Retype the data exactly, skipping any picture in it.

--- INFORMATION PROVIDED Enclosed Below ---

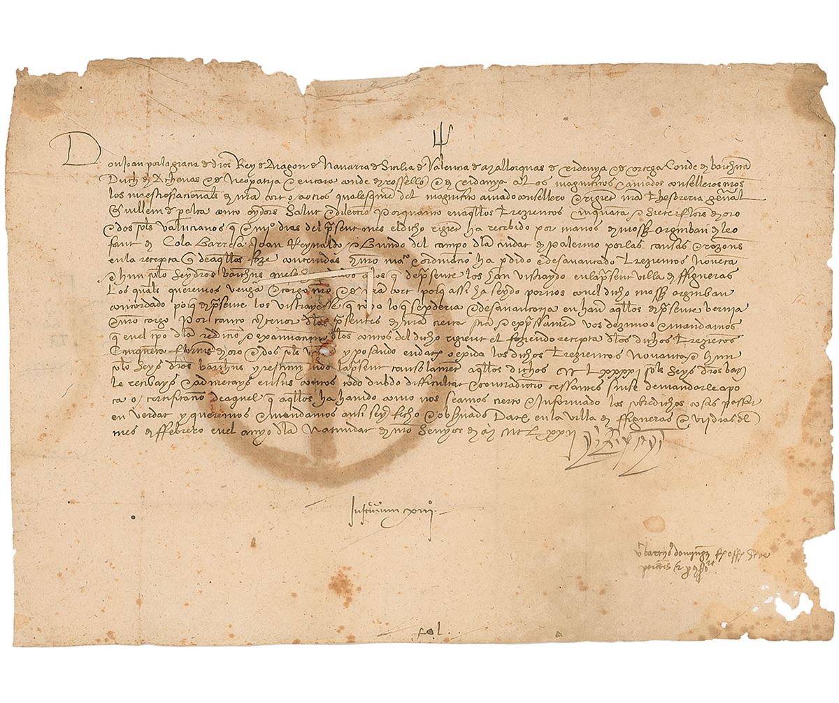 Son of Ferdinand I and Eleanor of Alburquerque known as John II the Faithless, as well as John II the Great (1398–1479), who ruled as king of Aragon from 1458 to 1479. Manuscript DS in Spanish, one page, 12 x 8.5, February 7, 1472. Document submitted to the councilors of the city of Figueras in which the king declares that Guillem de Peralta, his treasurer, who lost to a careless bearer 391 gold florins, should not be held responsible for this sum in his accounts. Overall foxing and soiling, some paper loss and dampstaining to edges, and a large circular area of toning to the center from a seal affixed to the reverse, otherwise very good condition.
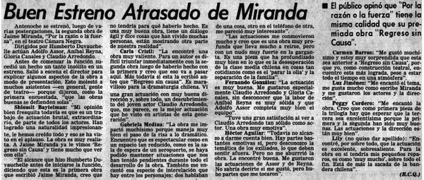 Buen estreno atrasado de Miranda [artículo] R. C. Q.
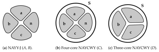 - elektro4000.de. Available online: https://www.elektro4000.de/Kabel-Leitungen/Kabel/Starkstromkabel/Verschiedene-Diverse-K-L-NAYY-J-4x150-SE-Eca-S-NAYY-J-4x150-SE-Eca::4302.html (accessed on 6 March 2020).
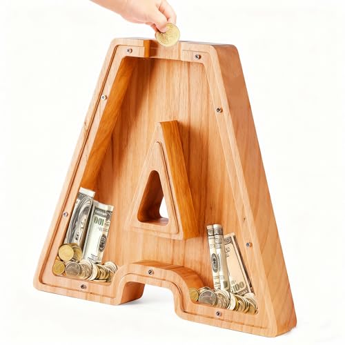 Bemaystar Letter Piggy Bank for Kids-Kids Piggy Bank for Boys Girls, 9 Inch Wooden Coin Bank Money Bank (A, 9 inch)

--- End of Enclosed INFORMATION PROVIDED ---

> [YOUR SOLUTION]
 Son of Ferdinand I and Eleanor of Alburquerque known as John II the Faithless, as well as John II the Great (1398–1479), who ruled as king of Aragon from 1458 to 1479. Manuscript DS in Spanish, one page, 12 x 8.5, February 7, 1472. Document submitted to the councilors of the city of Figueras in which the king declares that Guillem de Peralta, his treasurer, who lost to a careless bearer 391 gold florins, should not be held responsible for this sum in his accounts. Overall foxing and soiling, some paper loss and dampstaining to edges, and a large circular area of toning to the center from a seal affixed to the reverse, otherwise very good condition.
 Buen estreno atrasado de Miranda [artículo] R. C. Q.
 - elektro4000.de. Available online: https://www.elektro4000.de/Kabel-Leitungen/Kabel/Starkstromkabel/Verschiedene-Diverse-K-L-NAYY-J-4x150-SE-Eca-S-NAYY-J-4x150-SE-Eca::4302.html (accessed on 6 March 2020).
 Bemaystar Letter Piggy Bank for Kids-Kids Piggy Bank for Boys Girls, 9 Inch Wooden Coin Bank Money Bank (A, 9 inch)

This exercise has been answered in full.